Document Type



Doctor of Philosophy


Computer Science

First Adviser

Mooi C. Chuah


With technological advancement in embedded system design, powerful cameras have been embedded within smart phones, and wireless cameras can be easily deployed at street corners, traffic lights, big stadiums, train stations, etc. Besides, the growth of online media, surveillance, and mobile cameras have resulted in an explosion of videos being uploaded to social media sites such as Facebook and YouTube. The availability of such a vast volume of videos has attracted the computer vision community to conduct much research on human activity recognition since people are arguably the most interesting subjects of such videos. Automatic human activity recognition allows engineers and computer scientists to design smarter surveillance systems, semantically aware video indexes and also more natural human-computer interfaces. Despite the explosion of video data, the ability to automatically recognize and understand human activities is still rather limited. This is primarily due to multiple challenges inherent to the recognition task, namely large variability in human execution styles, the complexity of the visual stimuli in terms of camera motion, background clutter, viewpoint changes, etc., and the number of activities that can be recognized. In addition, the ability to predict future actions of objects based on past observed video frames is very useful. Therefore, in this thesis, we explore four designs to solve the problems we discussed earlier, namely

(1) A semantics-based deep learning model, namely SBGAR, is proposed to do group activity recognition. This model achieves higher accuracy and efficiency than existing group activity recognition methods.

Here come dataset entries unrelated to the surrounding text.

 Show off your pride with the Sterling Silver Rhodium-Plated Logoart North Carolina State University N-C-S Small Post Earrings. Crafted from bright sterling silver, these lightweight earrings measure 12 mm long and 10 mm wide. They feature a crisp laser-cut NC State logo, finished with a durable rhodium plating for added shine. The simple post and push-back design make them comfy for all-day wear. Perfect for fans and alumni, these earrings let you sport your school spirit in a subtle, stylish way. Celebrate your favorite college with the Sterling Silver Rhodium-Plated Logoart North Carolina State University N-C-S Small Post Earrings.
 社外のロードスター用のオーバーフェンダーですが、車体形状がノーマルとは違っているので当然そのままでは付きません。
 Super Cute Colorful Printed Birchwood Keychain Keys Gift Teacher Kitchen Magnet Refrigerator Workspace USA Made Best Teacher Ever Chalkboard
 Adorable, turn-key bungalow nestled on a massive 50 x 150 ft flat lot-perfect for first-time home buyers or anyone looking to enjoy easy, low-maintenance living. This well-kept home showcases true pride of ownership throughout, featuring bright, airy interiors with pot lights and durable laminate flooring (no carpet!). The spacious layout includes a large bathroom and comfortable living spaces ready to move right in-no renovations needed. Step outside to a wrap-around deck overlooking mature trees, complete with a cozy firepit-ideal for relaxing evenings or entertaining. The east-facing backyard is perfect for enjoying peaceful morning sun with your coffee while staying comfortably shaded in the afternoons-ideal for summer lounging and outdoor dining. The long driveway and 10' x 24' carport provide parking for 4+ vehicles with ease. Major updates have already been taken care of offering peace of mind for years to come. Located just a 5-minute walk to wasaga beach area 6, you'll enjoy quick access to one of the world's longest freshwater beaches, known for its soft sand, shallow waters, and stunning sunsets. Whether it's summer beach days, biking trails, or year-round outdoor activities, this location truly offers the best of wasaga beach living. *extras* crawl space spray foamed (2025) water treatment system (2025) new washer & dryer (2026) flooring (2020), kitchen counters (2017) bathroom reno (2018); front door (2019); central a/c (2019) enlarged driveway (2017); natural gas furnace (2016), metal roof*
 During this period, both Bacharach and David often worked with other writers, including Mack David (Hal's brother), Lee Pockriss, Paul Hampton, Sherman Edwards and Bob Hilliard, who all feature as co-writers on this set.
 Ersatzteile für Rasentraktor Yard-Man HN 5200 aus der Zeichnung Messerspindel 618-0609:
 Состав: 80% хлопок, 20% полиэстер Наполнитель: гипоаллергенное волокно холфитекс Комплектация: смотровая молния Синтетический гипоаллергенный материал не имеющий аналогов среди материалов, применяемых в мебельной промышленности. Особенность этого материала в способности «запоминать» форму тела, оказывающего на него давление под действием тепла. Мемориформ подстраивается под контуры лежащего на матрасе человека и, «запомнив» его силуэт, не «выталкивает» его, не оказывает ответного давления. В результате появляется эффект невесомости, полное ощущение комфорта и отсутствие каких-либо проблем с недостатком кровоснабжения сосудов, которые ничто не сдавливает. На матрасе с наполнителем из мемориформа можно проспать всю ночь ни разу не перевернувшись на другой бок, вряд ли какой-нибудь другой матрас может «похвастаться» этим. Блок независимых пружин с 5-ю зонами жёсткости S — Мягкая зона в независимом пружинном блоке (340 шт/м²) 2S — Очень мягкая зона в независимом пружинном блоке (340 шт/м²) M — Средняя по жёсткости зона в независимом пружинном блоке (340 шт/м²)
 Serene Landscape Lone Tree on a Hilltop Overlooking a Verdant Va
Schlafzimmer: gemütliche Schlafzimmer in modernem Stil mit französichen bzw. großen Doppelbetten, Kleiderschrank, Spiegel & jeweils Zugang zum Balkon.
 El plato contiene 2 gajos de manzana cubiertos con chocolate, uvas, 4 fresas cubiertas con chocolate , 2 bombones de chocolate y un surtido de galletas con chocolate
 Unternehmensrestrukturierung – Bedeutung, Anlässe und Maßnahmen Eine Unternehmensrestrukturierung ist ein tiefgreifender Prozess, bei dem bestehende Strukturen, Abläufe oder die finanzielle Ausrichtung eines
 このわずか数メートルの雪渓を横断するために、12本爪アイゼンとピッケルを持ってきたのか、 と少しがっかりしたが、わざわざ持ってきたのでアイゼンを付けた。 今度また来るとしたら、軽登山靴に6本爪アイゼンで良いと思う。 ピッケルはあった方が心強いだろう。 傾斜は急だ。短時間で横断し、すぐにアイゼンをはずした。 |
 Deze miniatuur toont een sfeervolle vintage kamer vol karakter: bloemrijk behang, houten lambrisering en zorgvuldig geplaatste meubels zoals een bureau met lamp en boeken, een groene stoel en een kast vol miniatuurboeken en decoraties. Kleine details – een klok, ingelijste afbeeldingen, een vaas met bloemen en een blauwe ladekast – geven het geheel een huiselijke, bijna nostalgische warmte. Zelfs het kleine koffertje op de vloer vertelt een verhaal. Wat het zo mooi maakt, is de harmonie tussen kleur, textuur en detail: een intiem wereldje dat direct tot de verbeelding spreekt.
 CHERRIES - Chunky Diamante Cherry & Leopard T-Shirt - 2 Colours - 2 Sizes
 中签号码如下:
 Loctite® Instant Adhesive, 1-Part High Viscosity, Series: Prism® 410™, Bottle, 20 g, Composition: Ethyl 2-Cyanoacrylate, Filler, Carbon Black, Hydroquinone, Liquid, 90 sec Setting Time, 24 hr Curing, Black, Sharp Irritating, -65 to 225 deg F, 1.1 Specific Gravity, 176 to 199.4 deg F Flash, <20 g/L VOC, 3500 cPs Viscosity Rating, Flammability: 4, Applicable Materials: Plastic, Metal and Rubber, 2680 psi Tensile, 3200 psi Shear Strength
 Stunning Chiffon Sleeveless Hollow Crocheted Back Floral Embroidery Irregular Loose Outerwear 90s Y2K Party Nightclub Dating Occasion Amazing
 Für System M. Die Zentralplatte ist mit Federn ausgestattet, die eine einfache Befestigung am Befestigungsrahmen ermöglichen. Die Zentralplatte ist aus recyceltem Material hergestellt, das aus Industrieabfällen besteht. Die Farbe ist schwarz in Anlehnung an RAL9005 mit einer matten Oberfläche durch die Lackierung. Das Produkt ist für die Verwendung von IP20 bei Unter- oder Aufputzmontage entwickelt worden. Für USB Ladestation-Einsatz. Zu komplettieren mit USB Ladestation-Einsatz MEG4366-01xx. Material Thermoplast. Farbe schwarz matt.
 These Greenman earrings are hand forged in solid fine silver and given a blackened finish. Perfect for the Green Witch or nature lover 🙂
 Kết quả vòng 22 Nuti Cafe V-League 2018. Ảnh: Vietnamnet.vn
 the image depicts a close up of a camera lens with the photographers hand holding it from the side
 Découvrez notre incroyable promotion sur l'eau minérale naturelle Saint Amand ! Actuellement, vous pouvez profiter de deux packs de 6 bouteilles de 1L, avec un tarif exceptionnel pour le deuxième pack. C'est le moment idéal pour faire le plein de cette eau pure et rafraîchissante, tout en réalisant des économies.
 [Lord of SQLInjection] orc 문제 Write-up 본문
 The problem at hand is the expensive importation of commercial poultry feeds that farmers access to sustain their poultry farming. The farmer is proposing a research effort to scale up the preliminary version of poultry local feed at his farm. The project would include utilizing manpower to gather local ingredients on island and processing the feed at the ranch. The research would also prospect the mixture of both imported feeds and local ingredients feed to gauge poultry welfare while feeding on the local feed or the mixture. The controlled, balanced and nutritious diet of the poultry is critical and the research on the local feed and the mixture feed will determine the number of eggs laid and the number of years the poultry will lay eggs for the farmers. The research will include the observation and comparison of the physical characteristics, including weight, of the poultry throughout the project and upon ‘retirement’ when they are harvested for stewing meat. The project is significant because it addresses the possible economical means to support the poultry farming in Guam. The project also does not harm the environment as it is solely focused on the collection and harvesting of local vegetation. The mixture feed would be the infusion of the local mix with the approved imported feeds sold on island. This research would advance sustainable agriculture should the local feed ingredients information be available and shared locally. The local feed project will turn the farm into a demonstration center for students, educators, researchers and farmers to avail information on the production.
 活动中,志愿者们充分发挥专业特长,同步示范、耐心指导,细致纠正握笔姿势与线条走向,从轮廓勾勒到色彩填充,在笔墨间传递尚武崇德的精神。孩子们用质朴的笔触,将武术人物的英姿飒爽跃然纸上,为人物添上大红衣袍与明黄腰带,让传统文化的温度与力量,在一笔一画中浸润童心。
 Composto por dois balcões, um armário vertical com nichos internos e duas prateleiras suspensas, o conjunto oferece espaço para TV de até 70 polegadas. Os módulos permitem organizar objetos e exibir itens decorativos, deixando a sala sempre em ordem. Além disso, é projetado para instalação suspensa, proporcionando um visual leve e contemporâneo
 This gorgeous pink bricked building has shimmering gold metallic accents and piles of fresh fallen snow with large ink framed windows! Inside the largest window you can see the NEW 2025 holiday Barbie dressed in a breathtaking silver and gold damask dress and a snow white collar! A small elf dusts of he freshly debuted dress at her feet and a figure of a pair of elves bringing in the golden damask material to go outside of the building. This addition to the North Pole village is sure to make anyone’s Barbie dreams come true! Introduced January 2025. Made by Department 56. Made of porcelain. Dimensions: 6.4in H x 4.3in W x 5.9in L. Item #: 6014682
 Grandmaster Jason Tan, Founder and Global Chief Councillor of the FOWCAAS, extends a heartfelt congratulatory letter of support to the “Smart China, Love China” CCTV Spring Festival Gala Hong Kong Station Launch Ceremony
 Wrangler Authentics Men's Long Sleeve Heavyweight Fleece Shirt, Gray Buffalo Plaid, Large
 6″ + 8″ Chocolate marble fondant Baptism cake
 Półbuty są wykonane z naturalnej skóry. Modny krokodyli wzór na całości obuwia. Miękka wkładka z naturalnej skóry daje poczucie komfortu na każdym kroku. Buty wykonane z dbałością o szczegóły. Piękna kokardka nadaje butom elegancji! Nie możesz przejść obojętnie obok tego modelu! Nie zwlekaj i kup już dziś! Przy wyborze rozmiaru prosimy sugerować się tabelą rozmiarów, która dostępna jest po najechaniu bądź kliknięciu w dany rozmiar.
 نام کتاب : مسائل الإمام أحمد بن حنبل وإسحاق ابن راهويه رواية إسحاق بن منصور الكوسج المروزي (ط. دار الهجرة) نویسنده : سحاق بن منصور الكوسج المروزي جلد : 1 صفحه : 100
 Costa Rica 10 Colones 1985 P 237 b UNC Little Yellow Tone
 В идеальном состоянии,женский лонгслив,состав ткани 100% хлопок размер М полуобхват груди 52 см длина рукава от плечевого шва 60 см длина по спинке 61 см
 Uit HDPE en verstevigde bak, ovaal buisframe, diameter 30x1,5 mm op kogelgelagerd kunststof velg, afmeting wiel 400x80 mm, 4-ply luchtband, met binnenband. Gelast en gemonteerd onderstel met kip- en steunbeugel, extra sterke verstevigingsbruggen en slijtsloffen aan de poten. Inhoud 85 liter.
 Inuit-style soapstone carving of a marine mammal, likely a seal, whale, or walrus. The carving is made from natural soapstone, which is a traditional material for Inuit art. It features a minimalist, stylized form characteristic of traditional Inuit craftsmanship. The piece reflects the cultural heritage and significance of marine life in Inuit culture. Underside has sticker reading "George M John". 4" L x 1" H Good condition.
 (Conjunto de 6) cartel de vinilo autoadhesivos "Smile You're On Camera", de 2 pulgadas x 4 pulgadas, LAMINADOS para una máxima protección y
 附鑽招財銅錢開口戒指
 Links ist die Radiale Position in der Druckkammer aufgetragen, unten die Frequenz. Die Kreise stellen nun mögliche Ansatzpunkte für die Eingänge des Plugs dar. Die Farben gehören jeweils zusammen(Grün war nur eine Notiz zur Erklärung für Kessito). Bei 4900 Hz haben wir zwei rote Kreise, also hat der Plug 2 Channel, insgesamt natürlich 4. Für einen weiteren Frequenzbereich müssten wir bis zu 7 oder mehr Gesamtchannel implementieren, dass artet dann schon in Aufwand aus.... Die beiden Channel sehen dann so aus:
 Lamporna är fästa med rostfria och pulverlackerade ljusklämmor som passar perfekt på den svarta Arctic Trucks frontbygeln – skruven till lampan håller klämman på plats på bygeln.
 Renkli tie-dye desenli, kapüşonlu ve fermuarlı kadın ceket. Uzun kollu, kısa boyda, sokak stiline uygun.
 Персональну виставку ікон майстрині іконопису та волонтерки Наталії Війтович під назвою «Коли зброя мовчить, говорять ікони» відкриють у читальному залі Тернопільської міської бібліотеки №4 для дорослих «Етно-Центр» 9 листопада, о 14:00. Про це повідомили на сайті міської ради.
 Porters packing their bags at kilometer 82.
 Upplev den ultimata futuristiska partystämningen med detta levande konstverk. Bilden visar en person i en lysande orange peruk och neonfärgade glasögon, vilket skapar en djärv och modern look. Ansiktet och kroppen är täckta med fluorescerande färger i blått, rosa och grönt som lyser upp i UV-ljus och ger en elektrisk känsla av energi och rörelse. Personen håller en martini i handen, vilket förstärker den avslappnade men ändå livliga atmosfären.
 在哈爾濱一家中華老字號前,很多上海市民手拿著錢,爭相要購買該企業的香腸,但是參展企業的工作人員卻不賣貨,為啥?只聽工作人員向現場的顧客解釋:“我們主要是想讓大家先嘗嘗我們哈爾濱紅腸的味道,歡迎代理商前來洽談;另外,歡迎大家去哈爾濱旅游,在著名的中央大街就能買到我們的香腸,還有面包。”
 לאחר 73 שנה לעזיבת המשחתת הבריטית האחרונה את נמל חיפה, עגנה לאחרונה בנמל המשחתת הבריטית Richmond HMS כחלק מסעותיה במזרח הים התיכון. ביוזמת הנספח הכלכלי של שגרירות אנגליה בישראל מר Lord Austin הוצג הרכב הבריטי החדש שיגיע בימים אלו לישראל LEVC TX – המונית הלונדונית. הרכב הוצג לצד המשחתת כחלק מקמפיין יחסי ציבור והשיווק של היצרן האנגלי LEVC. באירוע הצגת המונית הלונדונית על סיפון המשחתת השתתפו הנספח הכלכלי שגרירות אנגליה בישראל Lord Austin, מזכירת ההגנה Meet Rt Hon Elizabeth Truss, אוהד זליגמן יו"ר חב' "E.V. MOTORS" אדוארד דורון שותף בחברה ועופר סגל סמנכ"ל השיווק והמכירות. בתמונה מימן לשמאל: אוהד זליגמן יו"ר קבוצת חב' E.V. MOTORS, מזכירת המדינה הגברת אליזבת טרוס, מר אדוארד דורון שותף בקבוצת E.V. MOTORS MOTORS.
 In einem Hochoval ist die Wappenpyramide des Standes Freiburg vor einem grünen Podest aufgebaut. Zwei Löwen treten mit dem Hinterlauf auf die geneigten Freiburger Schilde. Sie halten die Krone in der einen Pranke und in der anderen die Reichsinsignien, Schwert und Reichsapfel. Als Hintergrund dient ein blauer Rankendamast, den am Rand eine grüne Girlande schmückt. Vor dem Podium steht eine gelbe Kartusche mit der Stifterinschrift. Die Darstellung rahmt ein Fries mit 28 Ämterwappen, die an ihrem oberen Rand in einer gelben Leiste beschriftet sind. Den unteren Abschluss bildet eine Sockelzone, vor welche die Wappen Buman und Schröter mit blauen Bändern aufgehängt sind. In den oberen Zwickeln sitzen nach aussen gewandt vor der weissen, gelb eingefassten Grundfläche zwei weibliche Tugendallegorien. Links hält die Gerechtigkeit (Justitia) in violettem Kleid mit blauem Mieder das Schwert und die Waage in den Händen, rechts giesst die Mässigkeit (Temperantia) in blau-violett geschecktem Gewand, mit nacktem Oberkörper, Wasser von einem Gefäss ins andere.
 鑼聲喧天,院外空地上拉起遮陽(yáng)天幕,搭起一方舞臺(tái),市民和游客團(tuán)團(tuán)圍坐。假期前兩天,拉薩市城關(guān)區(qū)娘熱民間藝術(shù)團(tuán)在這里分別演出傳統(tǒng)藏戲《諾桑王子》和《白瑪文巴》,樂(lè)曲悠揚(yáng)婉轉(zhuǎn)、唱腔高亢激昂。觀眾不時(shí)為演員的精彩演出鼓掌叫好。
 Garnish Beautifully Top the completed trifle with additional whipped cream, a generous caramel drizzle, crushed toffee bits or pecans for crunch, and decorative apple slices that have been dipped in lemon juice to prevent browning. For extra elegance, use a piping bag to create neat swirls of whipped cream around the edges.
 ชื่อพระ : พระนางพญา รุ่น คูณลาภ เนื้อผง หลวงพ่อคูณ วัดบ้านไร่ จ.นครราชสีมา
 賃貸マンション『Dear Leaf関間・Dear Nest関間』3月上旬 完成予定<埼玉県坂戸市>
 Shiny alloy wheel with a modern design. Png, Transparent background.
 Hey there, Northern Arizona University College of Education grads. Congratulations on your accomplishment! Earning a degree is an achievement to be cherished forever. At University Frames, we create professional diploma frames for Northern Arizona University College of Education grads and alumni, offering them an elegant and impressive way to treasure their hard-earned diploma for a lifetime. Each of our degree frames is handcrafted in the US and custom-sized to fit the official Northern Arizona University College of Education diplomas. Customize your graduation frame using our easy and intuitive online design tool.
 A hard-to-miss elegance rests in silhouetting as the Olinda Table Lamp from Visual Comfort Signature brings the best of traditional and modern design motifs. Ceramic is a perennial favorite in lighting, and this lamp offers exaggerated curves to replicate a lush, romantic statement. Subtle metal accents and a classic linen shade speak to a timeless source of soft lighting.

(2) Despite its high accuracy, SBGAR has some limitations, namely (i) it requires a large dataset with caption information, (ii) activity recognition model is independent of the caption generation model and hence SBGAR may not perform well in some cases. To remove such limitations, we design ReHAR, a robust and efficient human activity recognition scheme. ReHAR can be used to recognize both single-person activities and group activities.

(3) In many application scenarios, merely knowing what the moving agents are doing is not sufficient. It also requires predictions of future trajectories of moving agents. Thus, we propose GRIP, a graph-based interaction-aware motion intent prediction scheme. The scheme uses a graph to represent the relationships between two objects, e.g., human joints or traffic agents, and predict the motion intents of all observed objects simultaneously.

(4) Action recognition and trajectory prediction schemes are typically deployed in resource-constrained devices. Thus, any technique that can accelerate the computation speed of our schemes is important. Hence, we propose a novel deep learning model decomposition method called DAC that is capable of factorizing an ordinary convolutional layer into two layers with much fewer parameters. DAC computes the corresponding weights for the newly generated layers directly from the weights of the original convolutional layer. Thus, no training (or fine-tuning) or any data is needed.